*** Opening of Input data ***
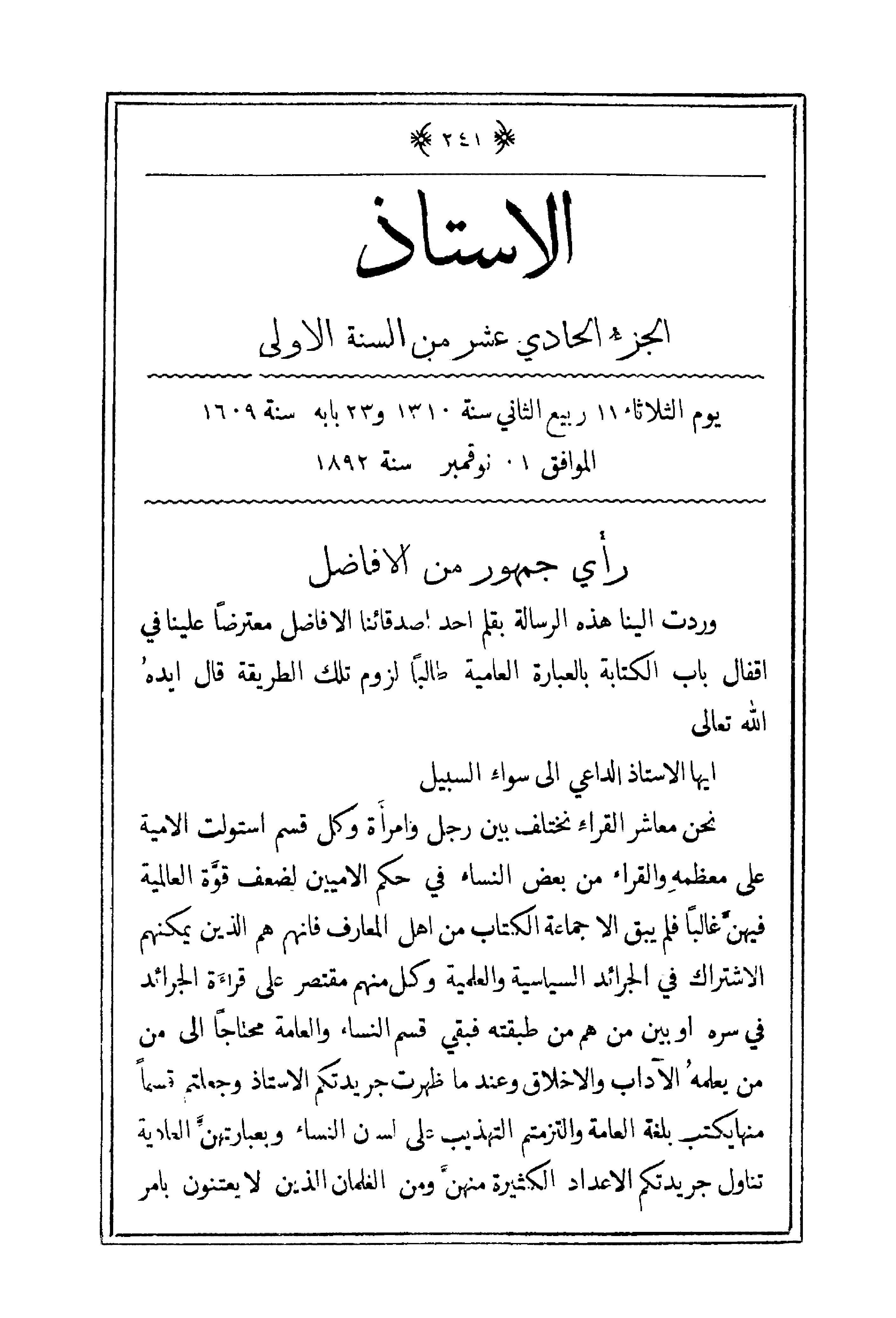 نحن معاشر القراء نختلف بين رجل وامرأة وكل قسم استولت الأمية على معظمه والقراء من بعض النساء في حكم الأميين لضعف قوة العالمية فيهن غالباً فلم يبق إلا جماعة الكتاب من أهل المعارف فإنهم هم الذين يمكنهم الاشتراك في الجرائد السياسية والعلمية وكل منهم مقتصر على قراءة الجرائد في سره أو بين من هم من طبقته فبقي قسم النساء والعامة محتاجاً إلى من يعلمه الآداب والأخلاق وعندما ظهرت جريدتكم الأستاذ وجعلتم قسماً منها يكتب بلغة العامة والتزميم التهذيب على لسان النساء وبعبارتهن العادية تناول جريدتكم الأعداء الكثيرة منهن ومن الغلمان الذين لا يعتنون بأمر
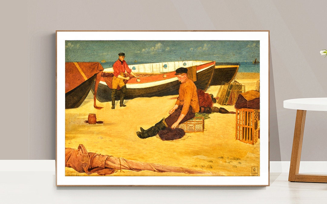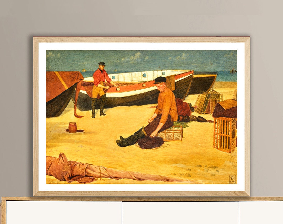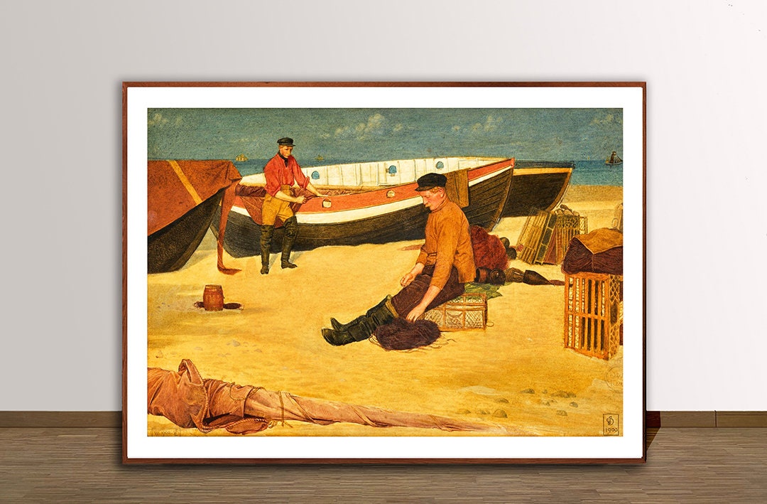 Joseph Edward Southall Art Print: Fishermen on Beach, Fine Art Reproduction
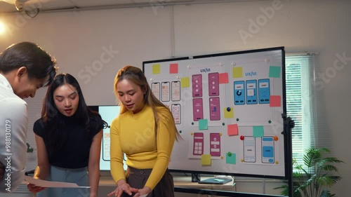 Asian uiux designers collaborate in an office setting, focusing on a mobile application project - thePoster
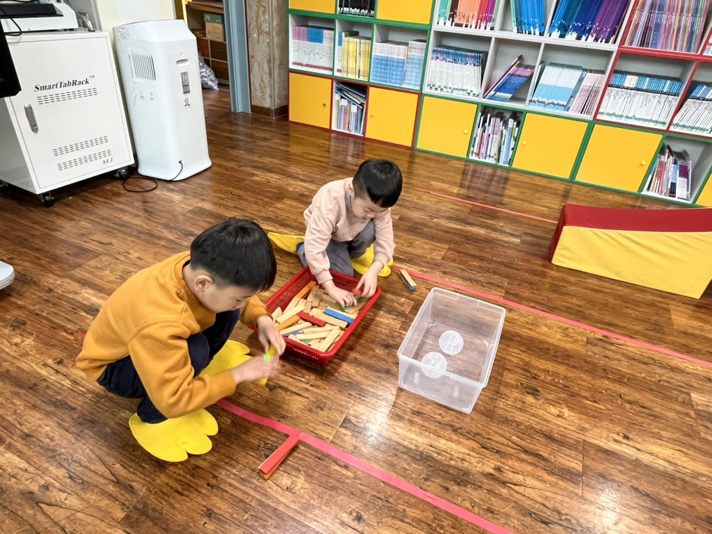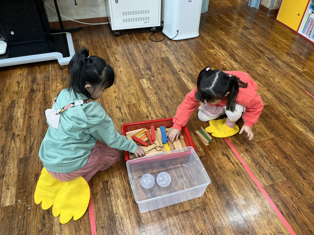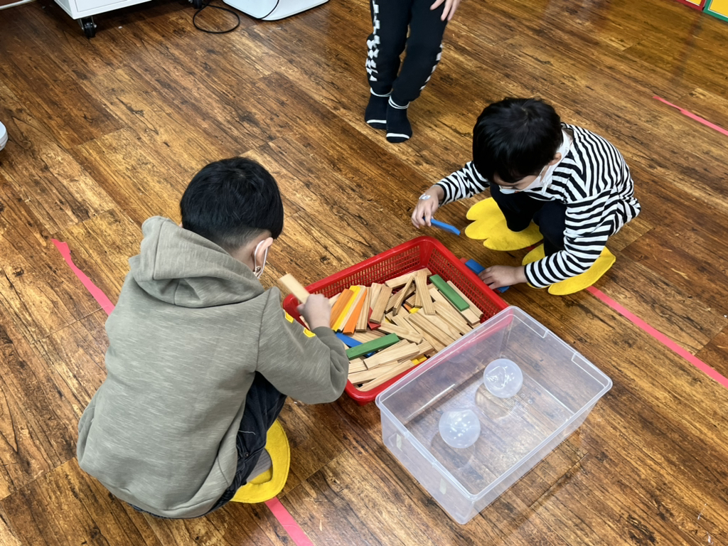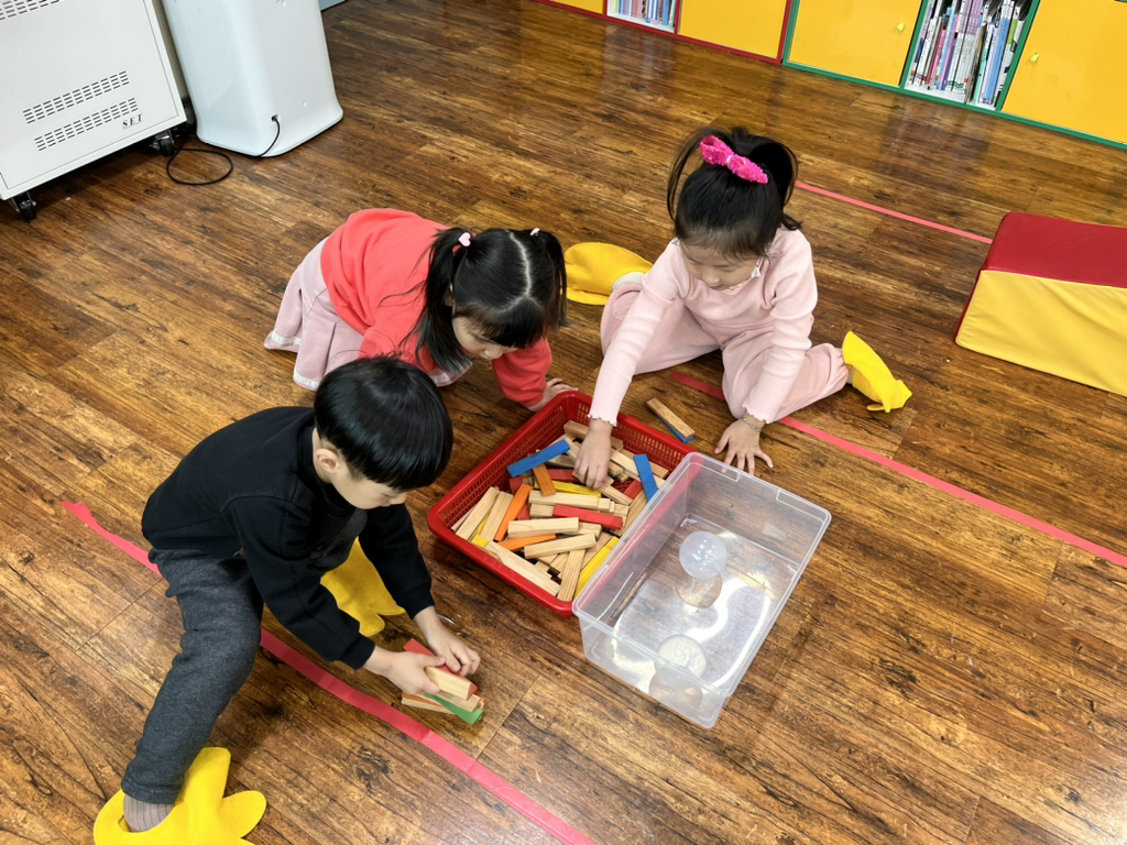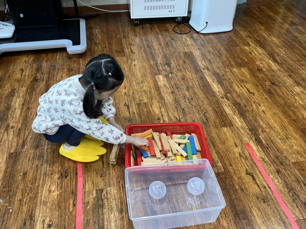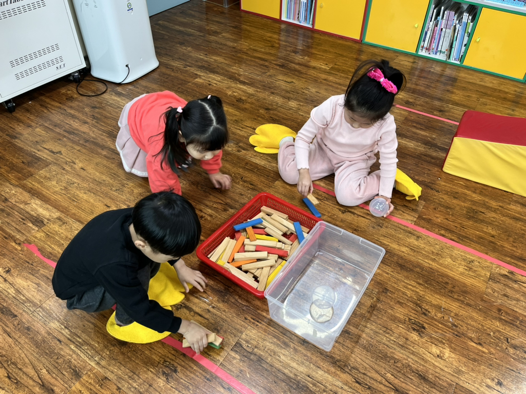 나무 블록을 천천히 쌓아보며 숫자를 세보기도 하였지요
*** Close of Input data ***
Task brief -
Retype all of the data above word for word, excluding the pictures.

Completed task -
 نحن معاشر القراء نختلف بين رجل وامرأة وكل قسم استولت الأمية على معظمه والقراء من بعض النساء في حكم الأميين لضعف قوة العالمية فيهن غالباً فلم يبق إلا جماعة الكتاب من أهل المعارف فإنهم هم الذين يمكنهم الاشتراك في الجرائد السياسية والعلمية وكل منهم مقتصر على قراءة الجرائد في سره أو بين من هم من طبقته فبقي قسم النساء والعامة محتاجاً إلى من يعلمه الآداب والأخلاق وعندما ظهرت جريدتكم الأستاذ وجعلتم قسماً منها يكتب بلغة العامة والتزميم التهذيب على لسان النساء وبعبارتهن العادية تناول جريدتكم الأعداء الكثيرة منهن ومن الغلمان الذين لا يعتنون بأمر
 Joseph Edward Southall Art Print: Fishermen on Beach, Fine Art Reproduction
 Asian uiux designers collaborate in an office setting, focusing on a mobile application project - thePoster
 나무 블록을 천천히 쌓아보며 숫자를 세보기도 하였지요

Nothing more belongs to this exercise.